Just covering the 6.6 million Californians who lack health coverage and are below the poverty line "becomes a huge, huge problem" Feinstein said.
But Reich and Hacker, who yesterday took their views before the House Education and Labor Committee, said Congress and the White House should do what recent polls say America wants, which is to give private health insurance companies some much needed competition.
Reich said the idea getting the most traction this week (smaller private cooperatives that would buy health insurance for its members) sounds like a good idea, but "doesn't have the scale, the authority, or the scope necessary to negotiate better rates for its enrollees."
Smaller cooperatives also would not be able to generate the badly needed outcome data that consumers need to learn what providers and healthcare strategies get the best results.
Hacker and Reich also said that other suggestions, such as states operating their own decentralized cooperatives or public plans, falls apart for the same reason.
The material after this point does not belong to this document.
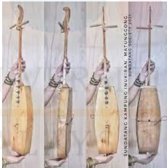
Gambar 1 : Alat muzik Sundatang

Kajian yang akan pengkaji jalankan ialah merupakan kajian yang bertajuk Teknik Pembuatan Alat Muzik Sundatang Dalam Kalangan Suku Kaum Dusun di Kota Kinabalu, Sabah. Alat muzik tradisional Sundatang ini merupakan satu produk warisan yang berasaskan flora dan fauna menurut Jacqueline Pugh-Kitingan (2020). Kajian ini dijalankan untuk mengumpul maklumat mengenai masyarakat Dusun tentang kewujudan alat muzik Sundatang ini terhasil dan perkembangannya, menghurai proses-proses pembuatan alat muzik tersebut serta mengetahui repertoire yang dimainkan dengan menggunakan alat muzik Sundatang ini. Kewujudan alat muzik Sundatang ini perlu kita ketahui kerana tidak semua masyarakat mengetahui tentang alat muzik Sundatang ini. Jadi kita hendaklah mengetahui bagaimana terwujudnya alat muzik Sundatang ini dan asal dari daerah mana yang pertama membuat alat muzik Sundatang ini. Seterusnya, menghuraikan proses dalam pembuatan alat muzik Sundatang yang menjadikan asas untuk menghasilkan sebuah alat muzik Sundatang yang siap. Selain itu, mengetahui repertoire dimainkan dengan menggunakan alat muzik Sundatang ini.

Health insurers have said they would accept all members regardless of pre-existing conditions and not charge women more for individual insurance in hopes of derailing public insurance, but Reich said a public plan is a better option.
"Without a public option from the start, private insurers won't have an incentive for a system-wide model to reach these targets," he said.
"It is critically important for the president to make crystal clear to Democrats and Republicans alike that he will not sign a bill that does not have a real public option in it," he added.
The "public option" has emerged as the crux of the unfolding debate over healthcare reform, and is perhaps the greatest challenge for the Senate negotiators attempting to reach a compromise that could actually become law. The notion of disrupting the private insurance market by injecting federal competition has stoked passions on both sides and created the kind of wedge that President Obama and Democratic leaders had sought to avoid in the debate, says this article from the Washington Post.